**Requirement:**
Once the line holding "[Bound with:] ROWE, Nicholas." appears, repeat it and each line after it to the end of the data, exactly and with nothing else; pictures stay out.

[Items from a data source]

--------------------

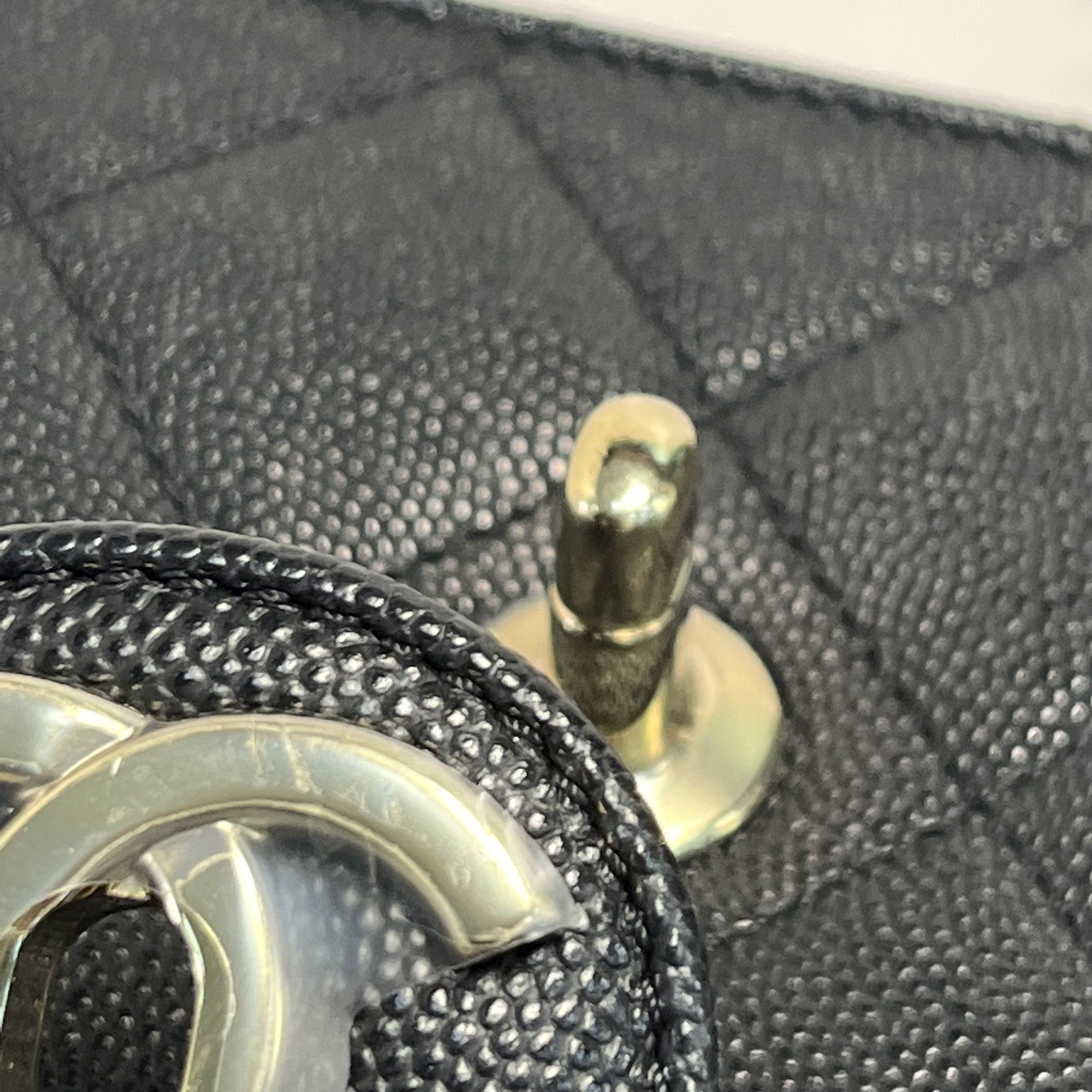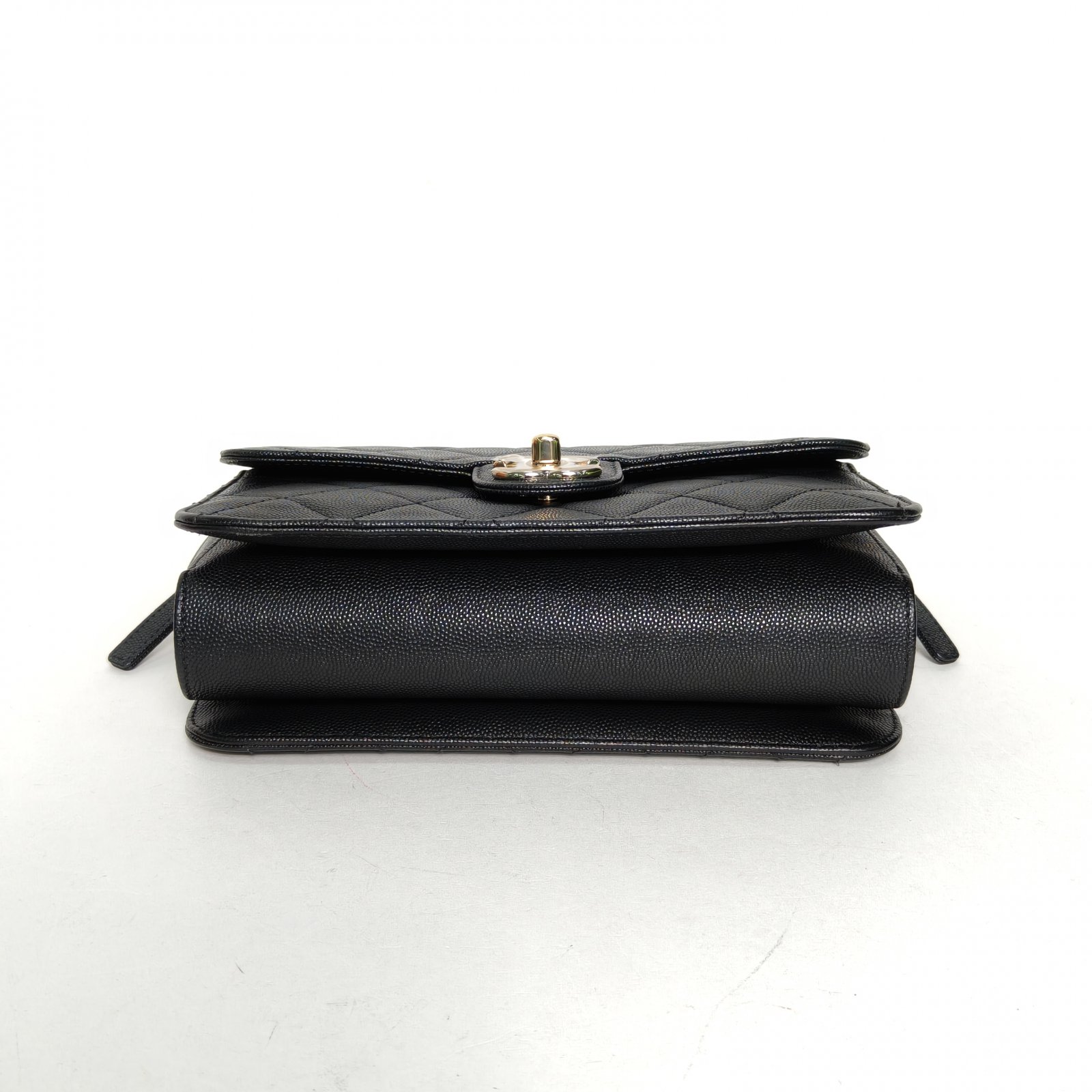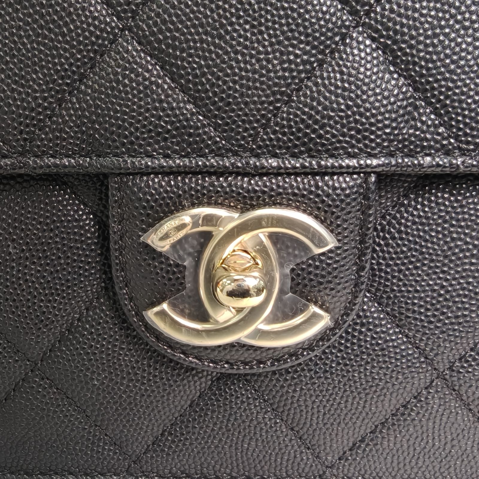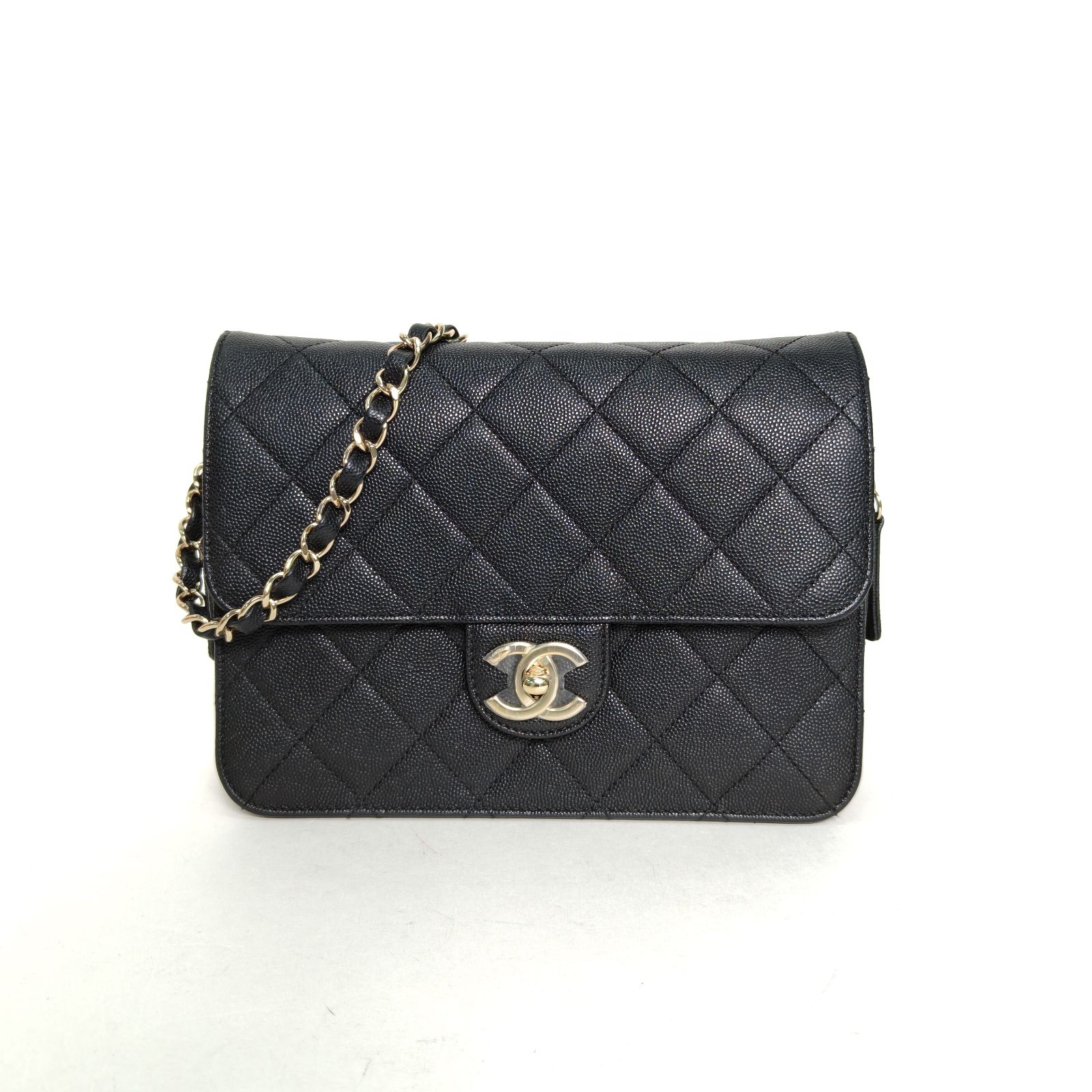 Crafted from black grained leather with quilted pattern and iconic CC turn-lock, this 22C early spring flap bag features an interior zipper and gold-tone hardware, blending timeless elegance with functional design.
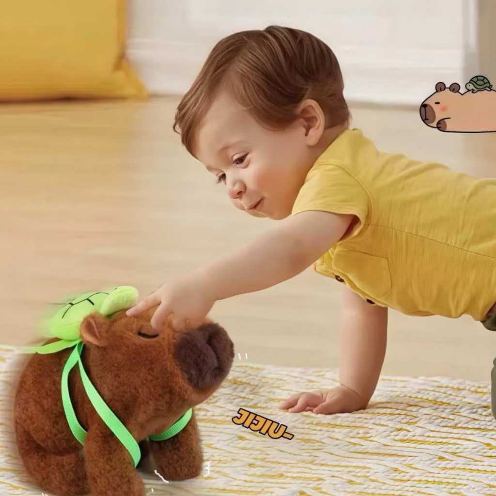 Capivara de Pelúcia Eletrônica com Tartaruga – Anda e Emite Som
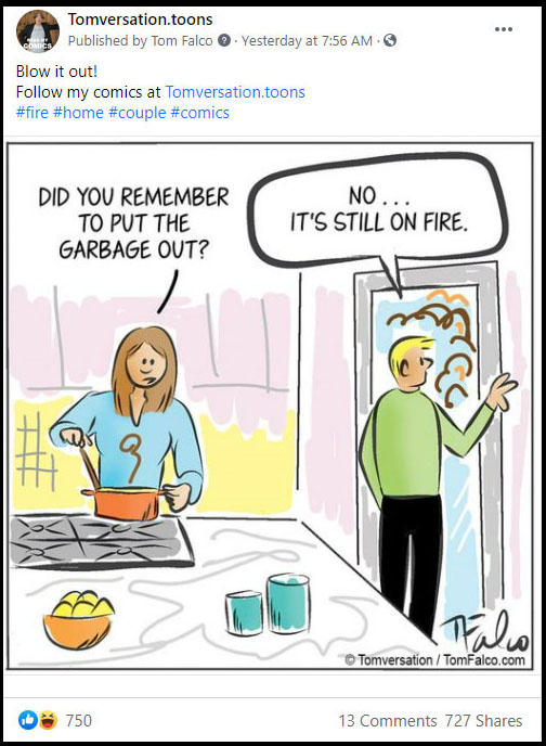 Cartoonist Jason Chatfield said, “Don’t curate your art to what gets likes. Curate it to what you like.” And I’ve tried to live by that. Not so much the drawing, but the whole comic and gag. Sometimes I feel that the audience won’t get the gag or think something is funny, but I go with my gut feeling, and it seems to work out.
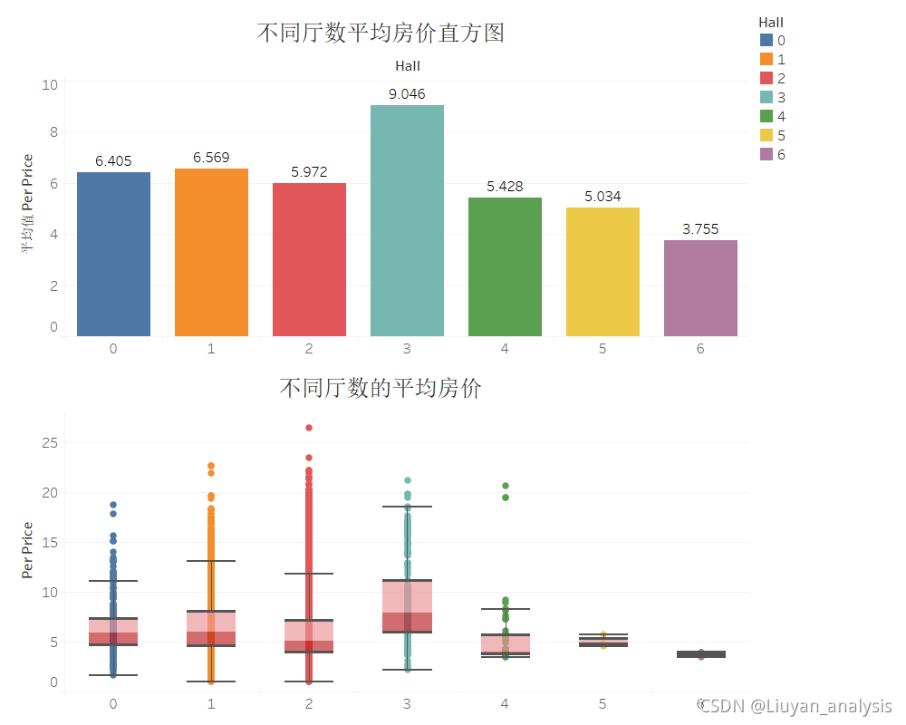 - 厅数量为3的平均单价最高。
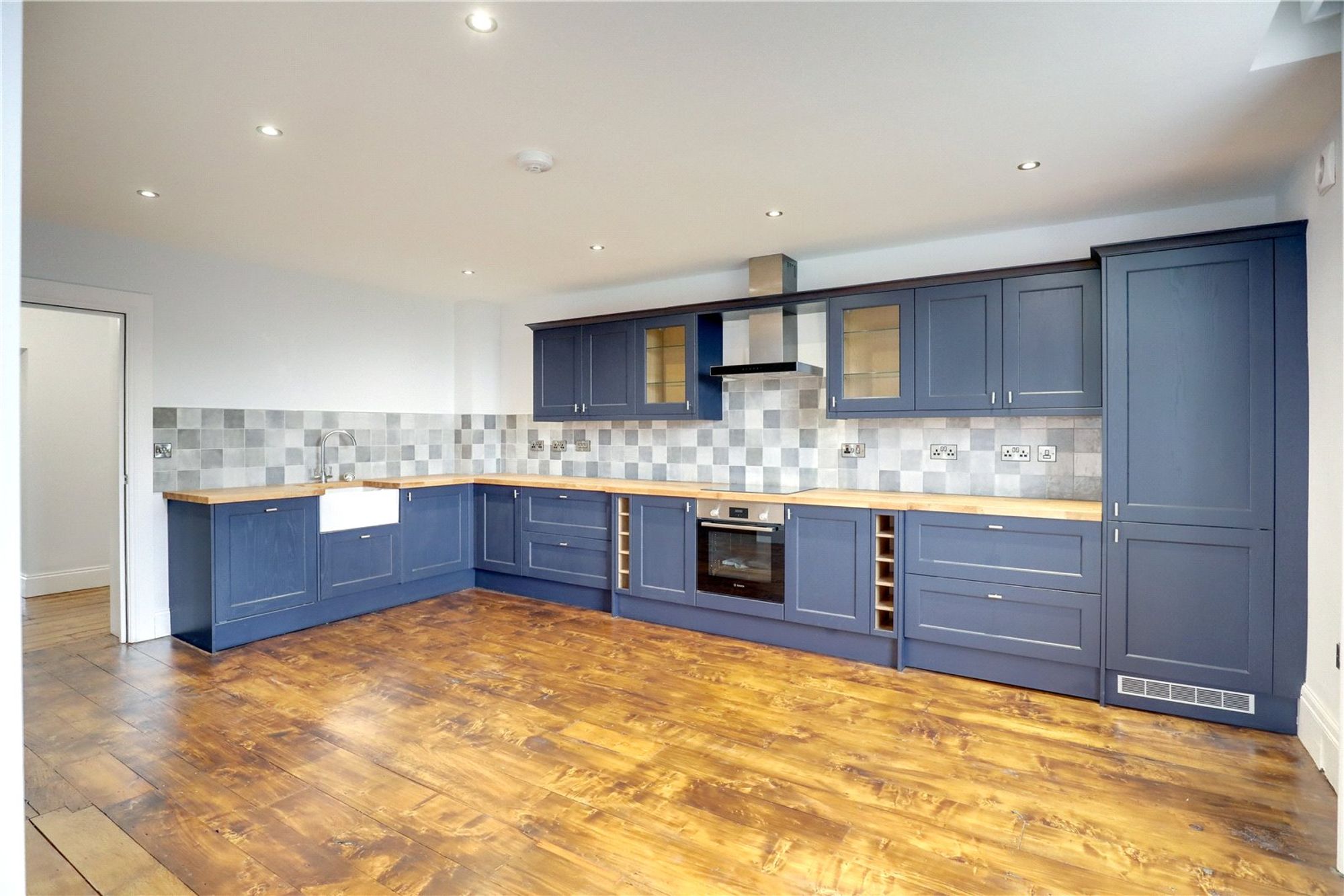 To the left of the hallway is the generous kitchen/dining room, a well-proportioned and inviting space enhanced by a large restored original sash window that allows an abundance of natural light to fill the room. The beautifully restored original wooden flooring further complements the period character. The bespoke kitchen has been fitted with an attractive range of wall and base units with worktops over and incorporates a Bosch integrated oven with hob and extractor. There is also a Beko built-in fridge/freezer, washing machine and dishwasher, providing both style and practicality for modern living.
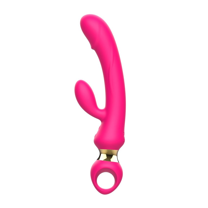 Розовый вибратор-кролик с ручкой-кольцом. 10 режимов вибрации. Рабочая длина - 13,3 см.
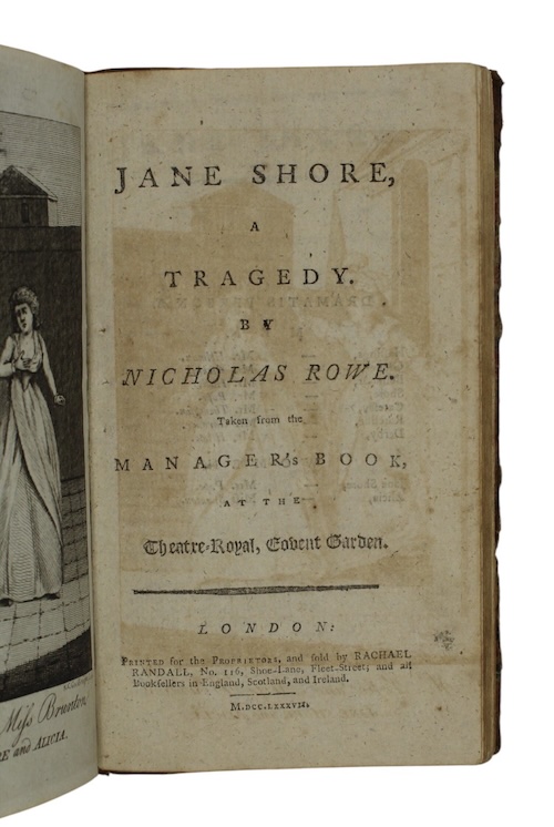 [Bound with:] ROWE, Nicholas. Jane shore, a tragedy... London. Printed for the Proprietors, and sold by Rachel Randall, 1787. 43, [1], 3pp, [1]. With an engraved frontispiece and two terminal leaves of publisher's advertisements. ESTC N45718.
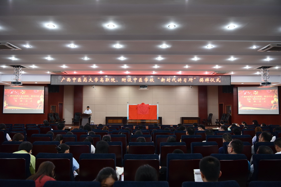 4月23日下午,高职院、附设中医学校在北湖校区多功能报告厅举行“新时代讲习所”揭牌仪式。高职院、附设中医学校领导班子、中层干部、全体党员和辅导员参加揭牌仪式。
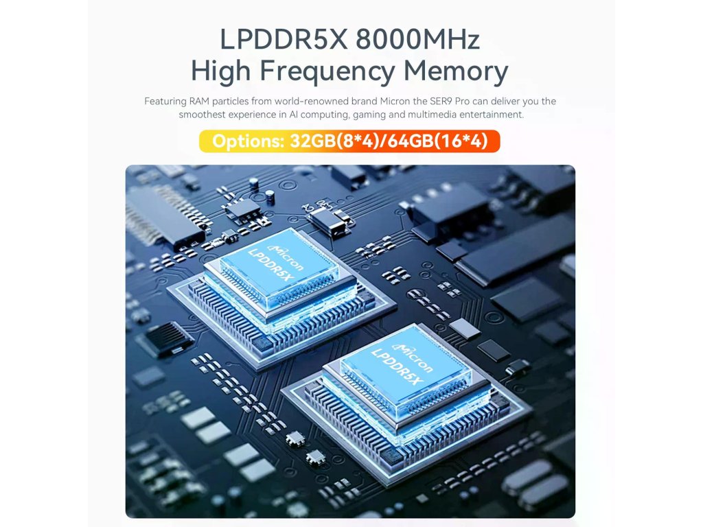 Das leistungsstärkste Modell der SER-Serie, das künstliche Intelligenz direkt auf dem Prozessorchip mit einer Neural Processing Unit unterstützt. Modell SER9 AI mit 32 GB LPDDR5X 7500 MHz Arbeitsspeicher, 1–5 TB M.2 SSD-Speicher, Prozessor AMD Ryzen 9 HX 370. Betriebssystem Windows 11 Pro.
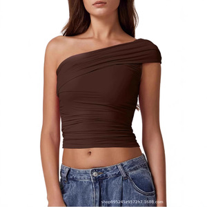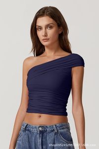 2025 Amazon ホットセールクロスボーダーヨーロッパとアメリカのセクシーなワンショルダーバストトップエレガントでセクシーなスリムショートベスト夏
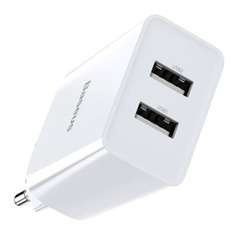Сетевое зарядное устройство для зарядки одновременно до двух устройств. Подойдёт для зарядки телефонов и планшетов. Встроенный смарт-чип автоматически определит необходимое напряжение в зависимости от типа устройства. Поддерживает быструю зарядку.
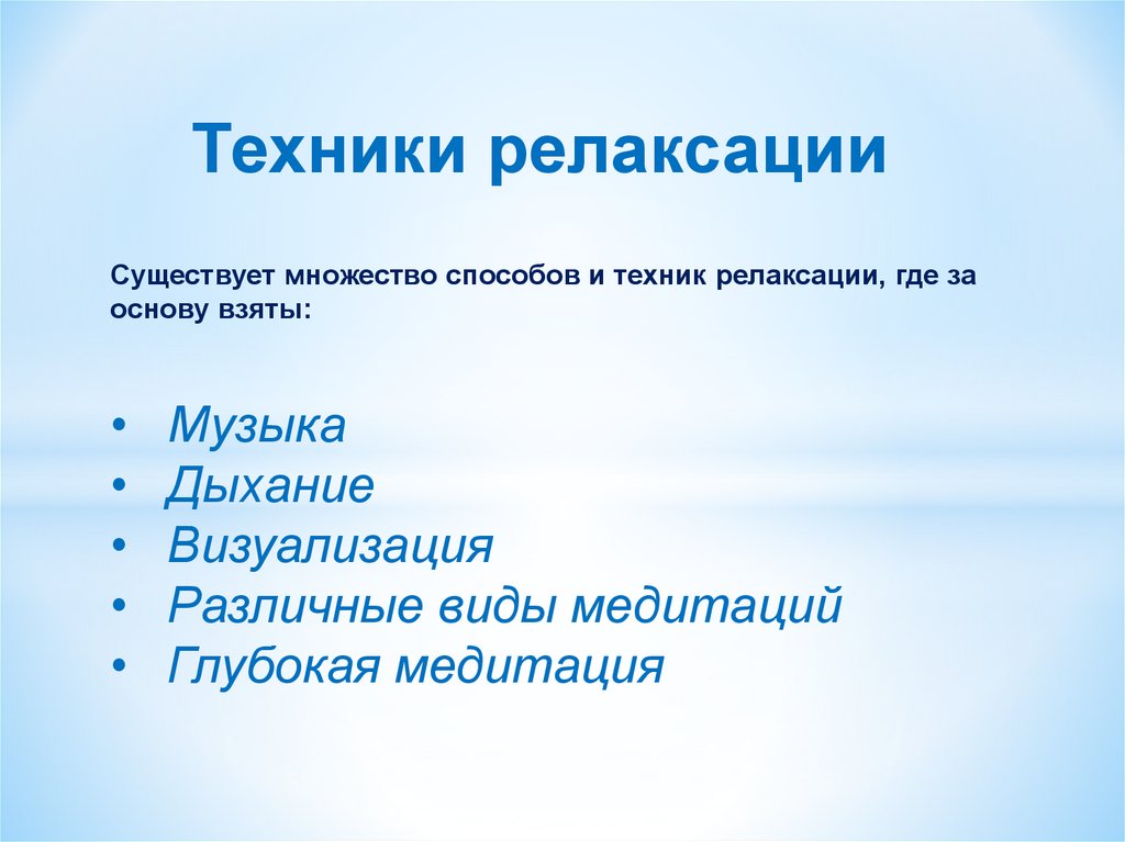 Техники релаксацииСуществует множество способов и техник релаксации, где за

--------------------

**Written solution:**
 [Bound with:] ROWE, Nicholas. Jane shore, a tragedy... London. Printed for the Proprietors, and sold by Rachel Randall, 1787. 43, [1], 3pp, [1]. With an engraved frontispiece and two terminal leaves of publisher's advertisements. ESTC N45718.
 4月23日下午,高职院、附设中医学校在北湖校区多功能报告厅举行“新时代讲习所”揭牌仪式。高职院、附设中医学校领导班子、中层干部、全体党员和辅导员参加揭牌仪式。
 Das leistungsstärkste Modell der SER-Serie, das künstliche Intelligenz direkt auf dem Prozessorchip mit einer Neural Processing Unit unterstützt. Modell SER9 AI mit 32 GB LPDDR5X 7500 MHz Arbeitsspeicher, 1–5 TB M.2 SSD-Speicher, Prozessor AMD Ryzen 9 HX 370. Betriebssystem Windows 11 Pro.
 2025 Amazon ホットセールクロスボーダーヨーロッパとアメリカのセクシーなワンショルダーバストトップエレガントでセクシーなスリムショートベスト夏
Сетевое зарядное устройство для зарядки одновременно до двух устройств. Подойдёт для зарядки телефонов и планшетов. Встроенный смарт-чип автоматически определит необходимое напряжение в зависимости от типа устройства. Поддерживает быструю зарядку.
 Техники релаксацииСуществует множество способов и техник релаксации, где за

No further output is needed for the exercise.